Alleycat02 · 31/10/2021 19:25

Next year absolutely don't send them to his at all if "his" weekend falls on Halloween, and remind him why if he complains. What a disappointment for them!

BlowDryRat · 31/10/2021 19:37

It's DD's birthday tomorrow so no rescue possible unfortunately, but hopefully she'll be so excited about it that Halloween will soon be a distant memory. Poor DS on the other hand...

One year exH begged to have the DC for half term. He then made DD miss her own birthday party Angry All her little friends were there. I cried.

OP posts:
DismantledKing · 31/10/2021 19:38

Christ what a wanker he is. I’m not surprised that he’s your ex!

JollyAndBright · 31/10/2021 19:43

He’s a fuckwit indeed.

What about a Halloween themed scavenger hunt around your house for Halloween sweets to make up for no trick and treating?

Tokyotammy · 31/10/2021 19:48

He actually sounds quite calculating in sabotaging the happiness of others. Did he initiate the split or did you?

In future I'd play it safe and make sure he's not involved in any weekends which have important plans, so he can't balls in up accidentally on purpose. If the kids ask why, them remind them of what has happen in the past and best not to risk it.

BlowDryRat · 31/10/2021 19:57

A scavenger hunt is a great idea. We could do that one evening during the week.

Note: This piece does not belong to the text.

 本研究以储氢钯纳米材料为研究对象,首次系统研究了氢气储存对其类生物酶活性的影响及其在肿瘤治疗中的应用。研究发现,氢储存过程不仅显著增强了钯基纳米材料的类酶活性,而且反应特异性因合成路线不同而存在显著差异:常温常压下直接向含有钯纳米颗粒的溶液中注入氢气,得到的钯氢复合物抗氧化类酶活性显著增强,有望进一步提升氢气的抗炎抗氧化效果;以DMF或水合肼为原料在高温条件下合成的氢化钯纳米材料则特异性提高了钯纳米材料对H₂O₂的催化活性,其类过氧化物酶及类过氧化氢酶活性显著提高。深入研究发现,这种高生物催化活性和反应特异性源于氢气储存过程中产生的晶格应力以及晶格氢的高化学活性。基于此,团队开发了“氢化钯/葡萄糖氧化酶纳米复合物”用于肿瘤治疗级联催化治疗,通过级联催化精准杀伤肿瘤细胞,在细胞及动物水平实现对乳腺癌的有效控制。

He was abusive in all sorts of ways so yes, he is calculating. Until the birthday party incident I hadn't thought he'd do it to the kids Sad He initiated the split because I wasn't being 'wifely' enough. He walked out so that I'd have time to realise how much he did for the family and appreciate him as he deserved. I took the opportunity to divorce his surprised arse Grin

OP posts:
TravelLost · 31/10/2021 20:13

@BlowDryRat

It's DD's birthday tomorrow so no rescue possible unfortunately, but hopefully she'll be so excited about it that Halloween will soon be a distant memory. Poor DS on the other hand...

One year exH begged to have the DC for half term. He then made DD miss her own birthday party Angry All her little friends were there. I cried.

Wow that is really bad!!!
TravelLost · 31/10/2021 20:15

So the bottom line is to never ever plan and activity for the dcs around a time when he could potentially wreck it.

Garlic sounds good to me and quite restrained tbh @BlowDryRat

TotallySuper · 31/10/2021 20:23

Be calculating back in future- tell them you need them back for an event at 2pm when it's actually at 5pm. Tell him DDs birthday party is X day when it's actually the day after etc. As long as your kids are young enough/savvy enough not to correct him. He sounds like a massive twat.